More importantly, while hiring labor may reduce farm-level profitability, it frees up family members to take on higher-paying off-farm work — and overall household income improves. In other words, rural households are not choosing between farming and working in the city; they are using hired labor as a tool to capture both the high income from off-farm jobs and the security of farmland. It is, in effect, treating the family's labor as a flexible "asset portfolio."
This research offers a fresh lens for understanding rural household decision-making in China: farmers are not passive producers, but shrewd "portfolio managers" of their own labor and livelihood. The study contributes to academic literature on agricultural labor markets, household finance, and structural transformation, while offering practical policy insights for strengthening rural social protection, facilitating orderly labor mobility, and promoting sustainable rural development.
About the Researchers

Hao Huang is a PhD student at International Business School Suzhou (IBSS), Xi’an Jiaotong-Liverpool University. Her research interests include behavioral accounting, corporate governance, and green accounting. His work focuses on decision-making behaviours, risk responses, and sustainable development among individuals, families, and organisations under structural transformation.

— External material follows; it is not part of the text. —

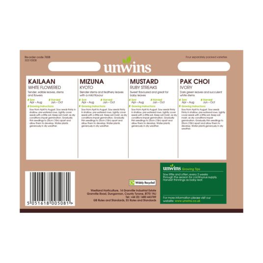 Unwins Salad Spicy Collection Seeds offer a vibrant mix of oriental leaves with a delightful kick, perfect for adding flavour to your salads and stir-fries. This easy-to-grow collection includes Kailaan White Flowered, Mizuna Kyoto, Mustard Ruby Streaks, and Pak Choi Ivory, providing a variety of textures and colours throughout the season. Sown from June to October, these hardy greens thrive in home gardens, giving you a continuous harvest of fresh, spicy leaves straight from your plot.
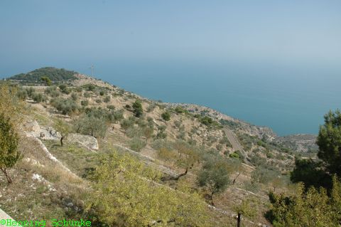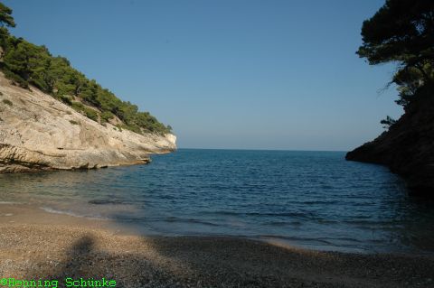 Der Ort selbst gibt nicht viel her. Die Kirche des Erzengles wird gerade verschlossen und mein Bedarf an Heiligen für heute ist gedeckt, weshalb der Besuch von Padre Pios Geburtsort erst mal verschoben ist. Jetzt kann ich unbehelligt von den Trillerpfeifenmännern weiter nach Mattinata und dort an die Küste fahren. Dann geht es auf der Küstenstraße weiter in Richtung Vieste, diesmal aber von Süden kommend. Hier mache ich an jedem hübschen Plätzchen mit Aussicht aber erst mal Pause.

Prof. Steven Dellaportas is currently a Professor of Accounting at the XJTLU School of International Business, with over 30 years of academic and teaching experience. His primary research and teaching areas include accounting ethics, with a particular focus on fraud, ethical behavior, and ethics education. He serves on several editorial boards and is currently Co-Editor of the Accounting Section for the highly regarded Journal of Business Ethics. He has published numerous articles in international peer-reviewed journals, is lead author of two textbooks, and has developed professional development content on ethics for major accounting bodies.
About the Journal
International Review of Economics and Finance is a leading international academic journal dedicated to publishing high-quality original research in the fields of economics and finance. It covers a broad spectrum of topics including macroeconomics, microeconomics, international finance, corporate finance, and behavioural finance, with a strong emphasis on theoretical innovation and empirical rigour. The journal maintains a strict peer-review process and is widely recognised for its methodological standards and policy relevance.